Georgian feudalism (პატრონყმობა; from p'at'roni, "lord", "master", and q'moba, "slavery", "serfdom"), was a system of personal dependence or vassalage that flourished during the Middle Ages in the Kingdom of Georgia and its successor Georgian states. It most closely resembled feudal systems found in Western Europe.

==Etymology==
The Georgian term for feudalism, patronqmoba, is derived from Latin patronus and Georgian qma, which has variously been translated as vassal or serf.

== Early period ==

In the medieval period, Georgian feudalism went through three distinct phases. In the first period, taken to have lasted from the 8th to the 11th centuries, Georgian society was organized as a network of personal ties, tying the king with the nobles of various classes. By the early 9th century, Georgia had already developed a system in which homage was exchanged for benefices.

== High point ==
The second period began in the 11th century and was a high point of Georgian feudalism. This system was characterized by officially decreed relationship between personal ties and the possession of a territory whereby some lands were given for life (sakargavi), other in relationship between personal ties and the occupation of a territory (mamuli). The latter gradually replaced the former and land gradually changed from conditional to hereditary tenure, a process completed only at the end of the 15th century. Yet, a hereditary transmission of a holding remained dependent on the vassal's relationship with his lord.

This was also the Age of Chivalry immortalized in the medieval Georgian epics, most significantly in Shota Rustaveli's The Knight in the Panther's Skin. The aristocratic élite of this period was divided into two major classes: an upper noble whose dynastic dignity and feudal quality was expressed in the terms tavadi and didebuli, respectively; both of these terms were synonymous, from the 11th to the 14th centuries, with eristavi, and all three terms referred to one of the upper nobles, "a prince". Lesser nobles, the aznauri, were either "nobles of race" (mamaseulni or natesavit aznaurni) or "of patent" (aghzeebulni aznaurni) who acquired their status in specific charters issued by the king or a lord. The power of the feudal nobles over the peasantry also increased and the cultivators began to loss a degree of personal freedom they had formerly enjoyed. According to one contemporary law, a lord could search out and return a runaway peasant for up to thirty years after his flight. Thus, in this period, the Georgian patronqmoba essentially acquired the form of typical serfdom.

== Downfall ==
The Mongol domination in the 13th century dealt a blow not only to Georgia’s prosperity and regional hegemony, but shuttered its social system. After a brief revival of the 14th century, a long twilight ensued. A gradual process of disintegration of the Georgian feudal system set in the 15th century, and became more prominent in the 16th and 17th. The vassal relations were frequently found to be in question and their legitimacy ceased to constitute the basis of declined royal authority. Now, the rivalry between the royal crown and its vassals changed into a struggle between a weak state and increasingly independent princes. By the 18th century, the Georgian feudal élite had established a new system known as tavadoba, the rule of the princes, in which vassal hierarchy no longer had any substantial force. By virtue of their power and the royal weakness, princes and nobles were able to break with their sovereign and became sovereigns in their own provinces. The dependent nobility, the aznauri, split into three groups: vassals of the king, vassals of the tavadi, and vassals of the catholicoi; they stood between the peasantry and the great nobility. The aznauri were tied more effectively to their overlords than the great princes were to their king.

== Feudal hierarchy ==
This hierarchical division of Georgian feudal society was later codified by King Vakhtang VI in an official table of "weregild" or blood money rates, which had the force of law.

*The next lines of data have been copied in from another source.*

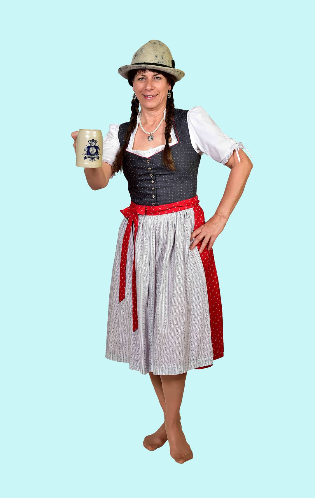 Kostüm Dirndl Gr. 42 für Erwachsene. 38,- € für vier Tage. Zubehör inklusive. Chemnitzer Kostümverleih. W-226
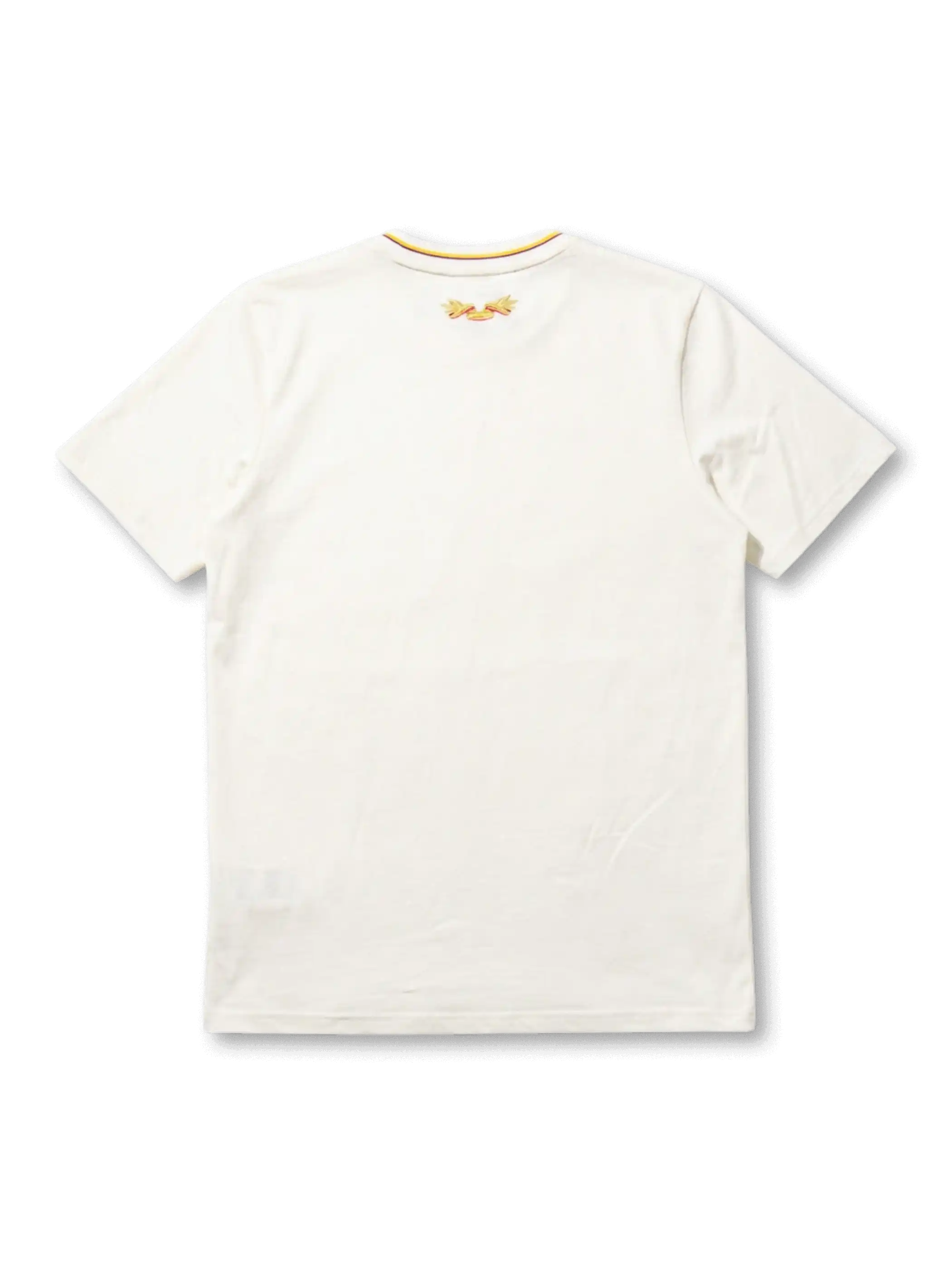 ベースカラーはクリームホワイト(オフホワイト)。クルーネック型カラーはイエロー×ブルー×レッドのトリコロールリブ仕様で、コロンビア国旗のカラーを正確に再現したトリプルストライプトリムが施されている。背面カラー部にはゴールドの双翼モチーフ装飾ラベルを配置。袖はノーライン仕様でシンプルに構成されている。
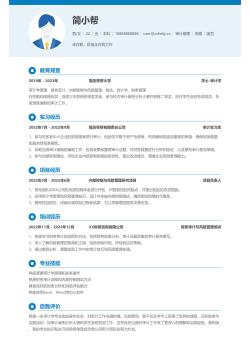 财务管理专业大学生简历模板 ,求职意向:财务管理专员 工作经历:1、协助完成审计工作,包括但不限于财务报表的初步审核、凭证抽查、固定资产盘点等,确保财务数据的准确性。 2、参与编制审计底稿,对客户财务数据进行分析,识别潜在的财务风险,提出改进建议。 3、协助项目经
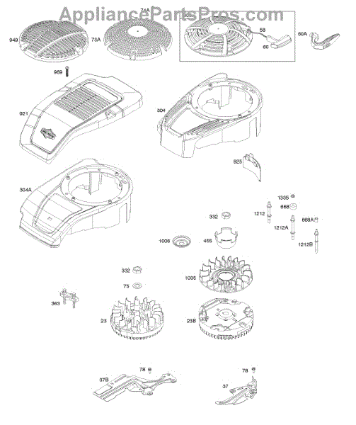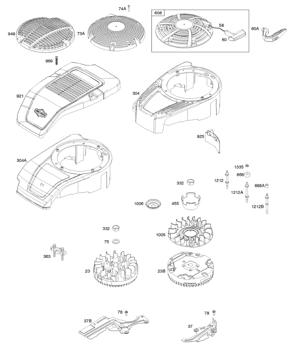 Parts for Briggs & Stratton 122S02-0111-H1: Blower Housing, Cover / Guards, Flywheel, Rewind Starter Parts
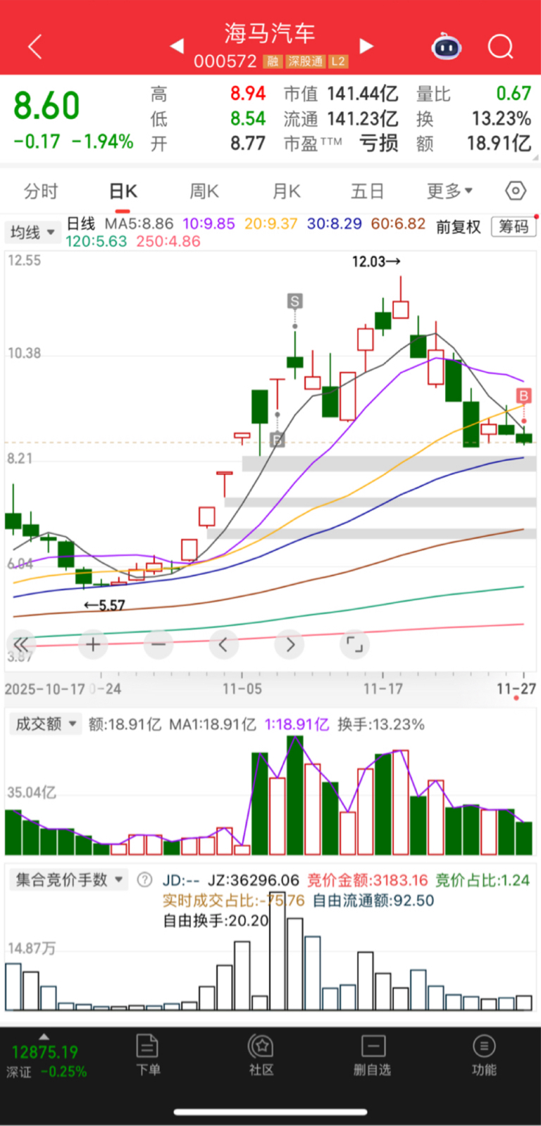 $海马汽车(SZ000572)$ 尾盘买了一个小马
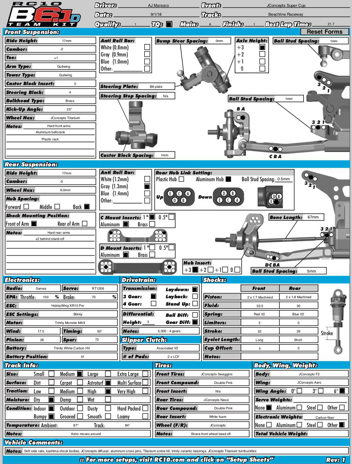 Under the direct guidance of JConcepts' Paul Wynn, Jason Ruona, and also from Trinity's Kevin Abbott, AJ has been able to find a lot of success in the uber-popular, highly competitive 17.5 2wd class. Here's a closer look at AJ's Beachline turf slaying 2wd and what makes it so fast besides the talent behind the wheel.
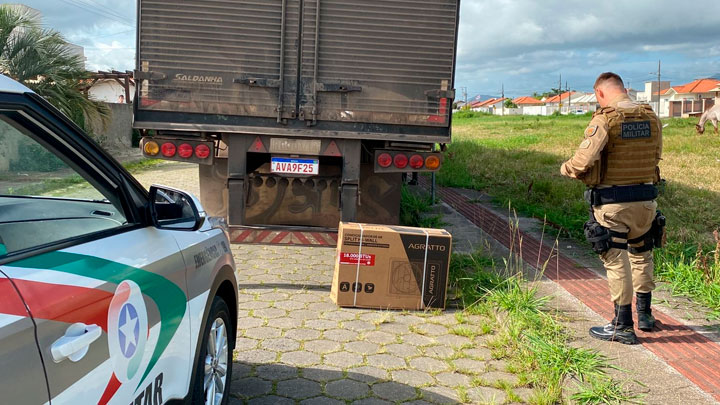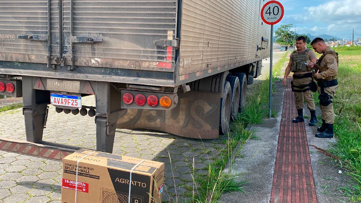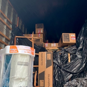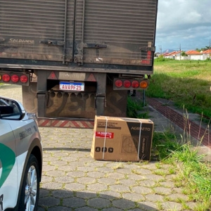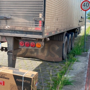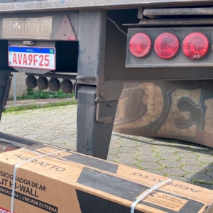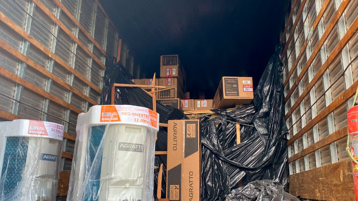 Uma carga de ar condicionado foi abandonada na via. Não havia caminhão, apenas o baú totalmente aberto com a carga dentro.
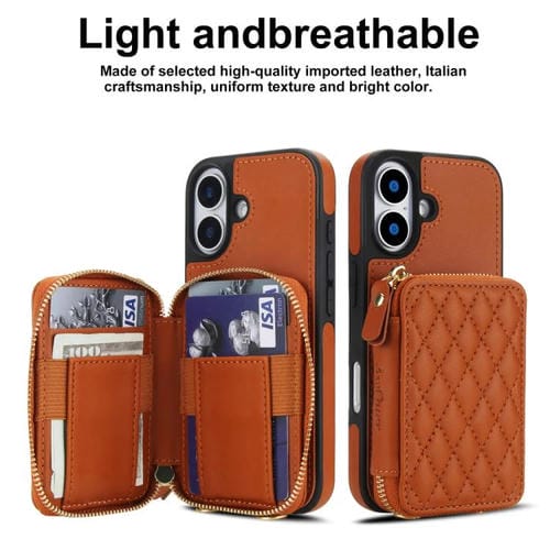 Funda AwQuer con cierre cruzado y parte trasera de cuero rombal para iPhone 17 (marrón)
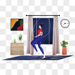 手绘女孩晚上饭后跳绳运动免抠元素
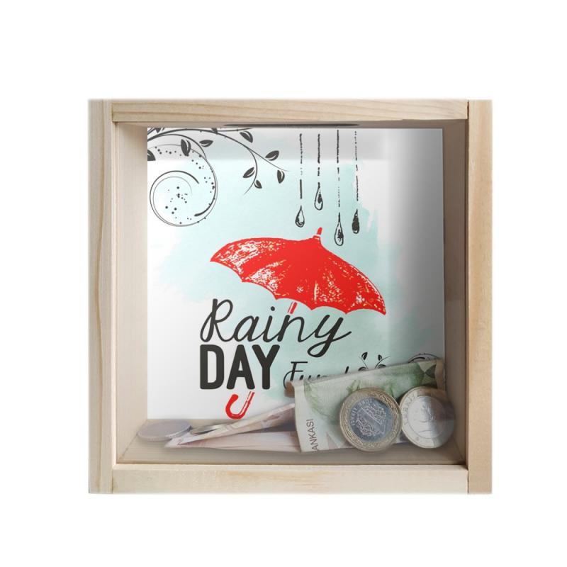 Camlı Ahşap Kumbara Kırmızı Şemsiyeli Ham Ahşap
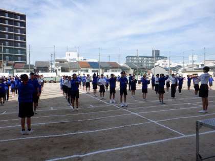 開会宣言・国旗校旗掲揚・校歌斉唱・学校長挨拶・競技上の注意
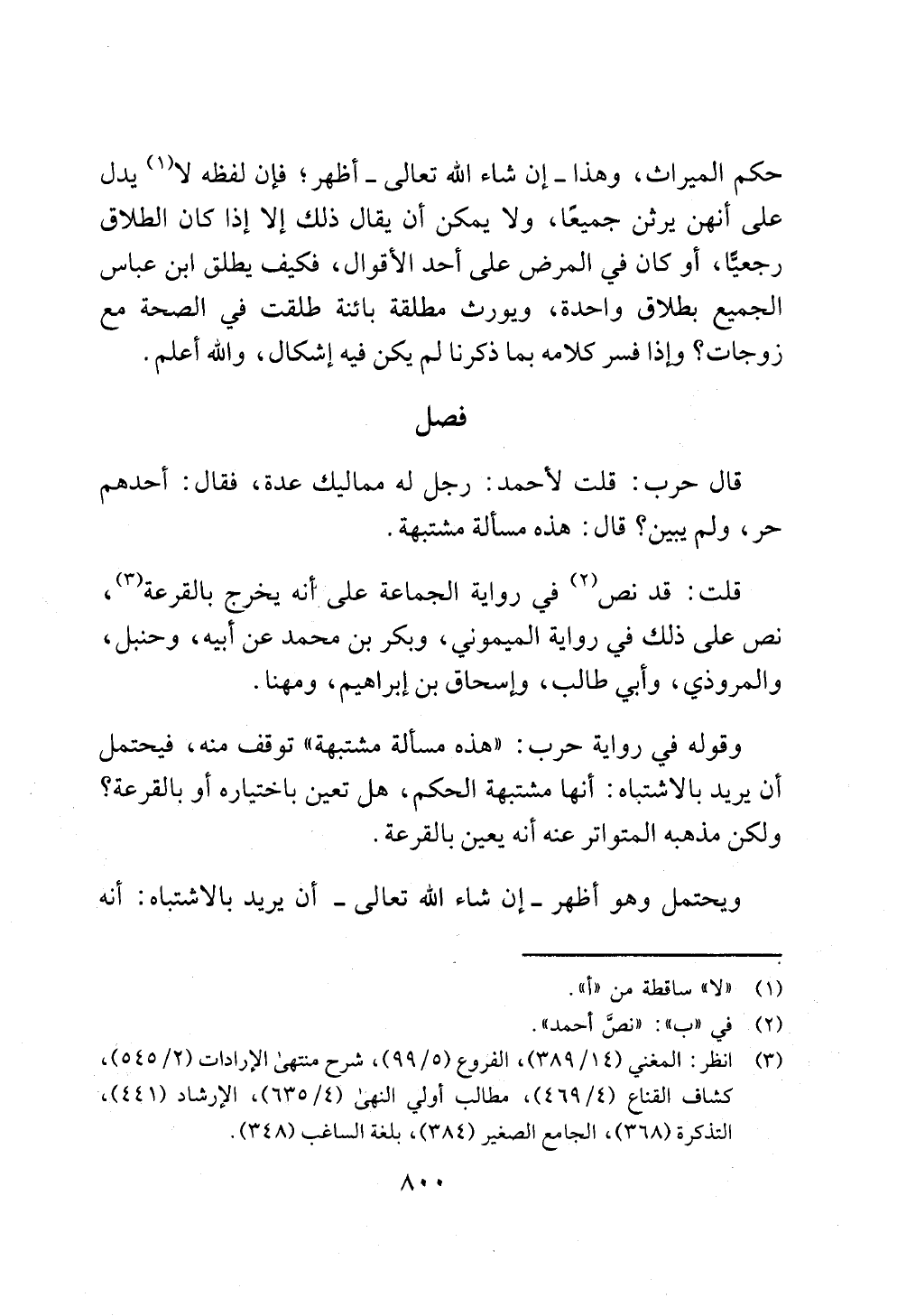 (¬3) انظر: المغني (14/ 389)، الفروع (5/ 99)، شرح منتهى الإرادات (2/ 545)، كشاف القناع (4/ 469)، مطالب أولي النهى (4/ 635)، الإرشاد (441)، التذكرة (368)، الجامع الصغير (384)، بلغة الساغب (348).

At the time of the Russian annexation, Georgian society was rigidly hierarchical. A comparatively large proportion, 5% of the population, belonged to the nobility. The highest circles of society were the members of the royal Bagrationi family. Immediately below them came the princes, the tavadi. In Kingdom of Kartli, the most prestigious princes were the heads of the five "most noble" clans—the Orbeliani, Amilakhvari, Tsitsishvili, and the two Eristavi clans—and the melik of Somkhiti. Members of these clans outranked other noble clans. Below the princes were the untitled nobility, aznauri, consisting of the takhtis aznauri, dependent on the king, and mtsire aznauri, dependent on the princes, tahhtis aznauri, and the Church. Royal vassals, like the mouravi, outranked the vassals of the church, who in turn outranked the vassals of nobles. Many aznauri were quite poor and lived no better than peasants, but their status carried certain privileges and exemptions from obligations. Before the Russian annexation in the 1800s, the Georgian princes not only enjoyed nearly unlimited power over their estates and the enserfed peasantry but exercised police and judicial power. The highest official appointed by the king to govern the towns and countryside, the mouravi, was almost always a noble from the upper ranks and often held the position as a hereditary privilege.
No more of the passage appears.